Sunday, September 03, 2006

Small Island

The most surprising thing has happened. An unexpected feature of being back in Britain after a few weeks in Central Asia. All I want to write about is here, not there.

After seven hours in a pressurised cylinder at thirty thousand feet, the long airport corridors, transit routes and carpeted, strip-lit tubes taking you from airside to landside function like passenger decompression chambers. They coax you back into ever-larger mental and physical spaces, each less and less like an aircraft cabin, until suddenly you find yourself outside the Arrivals hall smelling wet concrete, tarmac and avgas and feeling a mild flutter of post-flight agoraphobia occasioned by being at sea level under an open sky. Without those decompression corridors, you'd probably faint. Ha!

So I walked out into a perspex corridor after a seven hour flight, and stopped dead, because a big perspex window gave out onto the ramp, and Heathrow was busy and grey, and the sky was full of clouds. I'd not seen a cloud for over a fortnight. I'd forgotten that clouds were local things. Local like shipping lanes; local like icebergs.

These were massive cumulus congestus on their way to becoming stormclouds. From the bright summit of one blew long swathes and falls of ice.
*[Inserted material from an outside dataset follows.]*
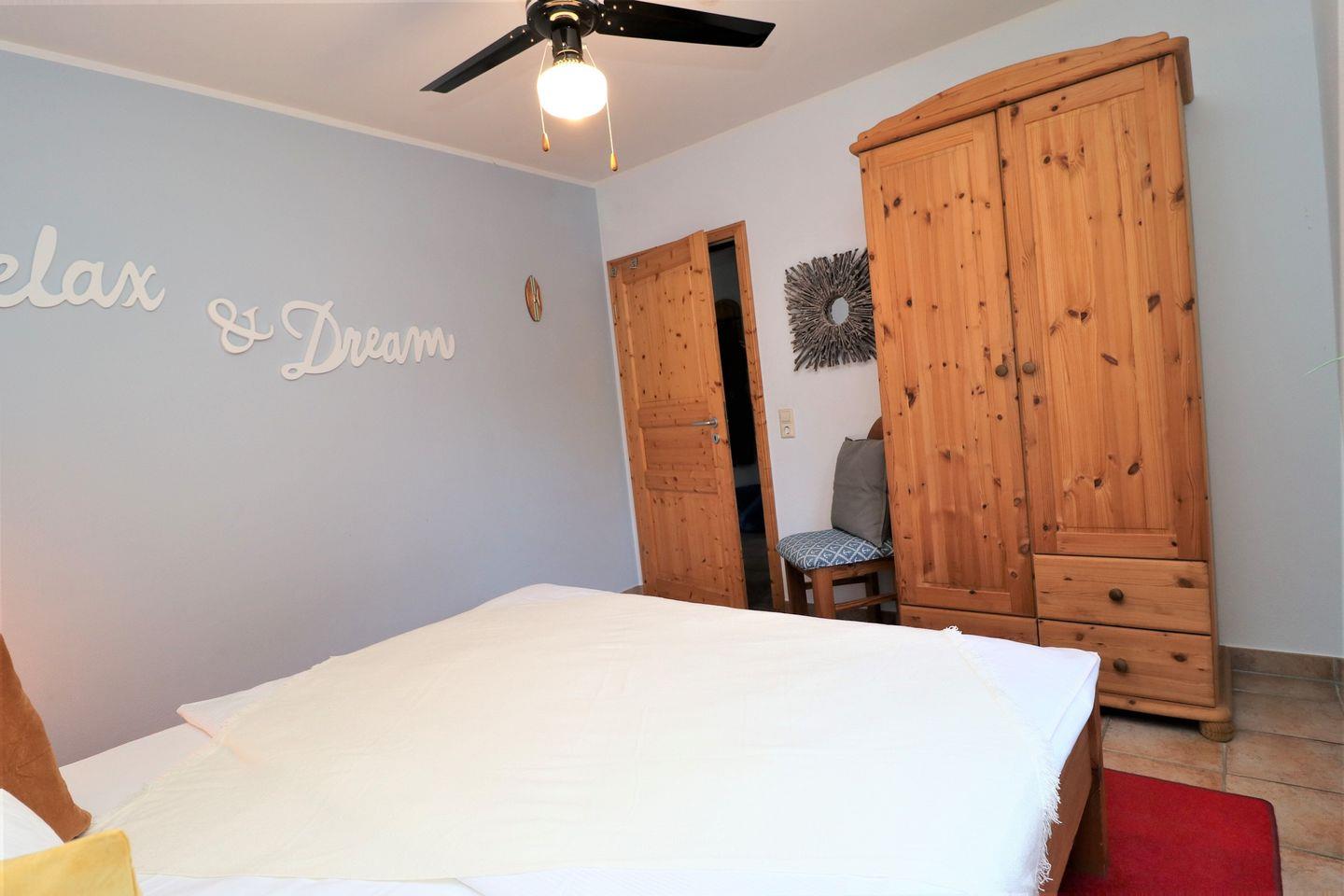 Die Ferienwohnung verfügt über zwei Schlafzimmer, die mit Ihren gemütlichen Betten und zusätzlichen Lüftern, die auch bei geschlosenem Fenster für Frischluft sorgen, ein angenehmes Ambiente bieten. Das helle Wohnzimmer ist der ideale Ort, um gemeinsame Stunden zu verbringen. Genießen Sie Zeit auf der Sofaecke oder am Esstisch, während Sie den Blick nach draußen auf Ihre große Terrasse mit Gartenmöbeln genießen. Hier können Sie Ihren Morgenkaffee mit dem Klang der Wellen im Hintergrund genießen oder abends bei einem Glas Wein die frische Ostseeluft einatmen.

The near-religious ecstasy of looking these clouds! I stood there for a very long time feeling exceedingly happy. Part of my joy at seeing these things might have been due to a system flooded with adrenalin. I'd just had the worst landing I've ever experienced ("was that a hard landing, or were we shot down?") but there was more to it than a bit of chemical exhilaration. And more, I think, than some dubious little-Englander nativism.

Because I realised something about this country, looking at the clouds. After weeks of the heavy, flat light of a double-landlocked country thousands of miles from the sea, I saw that British light — its serious greys and its soft pinks and blues and mild gunmetals that mimic pigeon plumage, and the particular way the sun cuts through these kinds of light, and the patterns clouds and sun make on trees and cities and water: all these things work as they do because we are so close to the sea. The light is maritime. I'd never before realised that the whole country sits under a sky mirrored and uplit by the sea.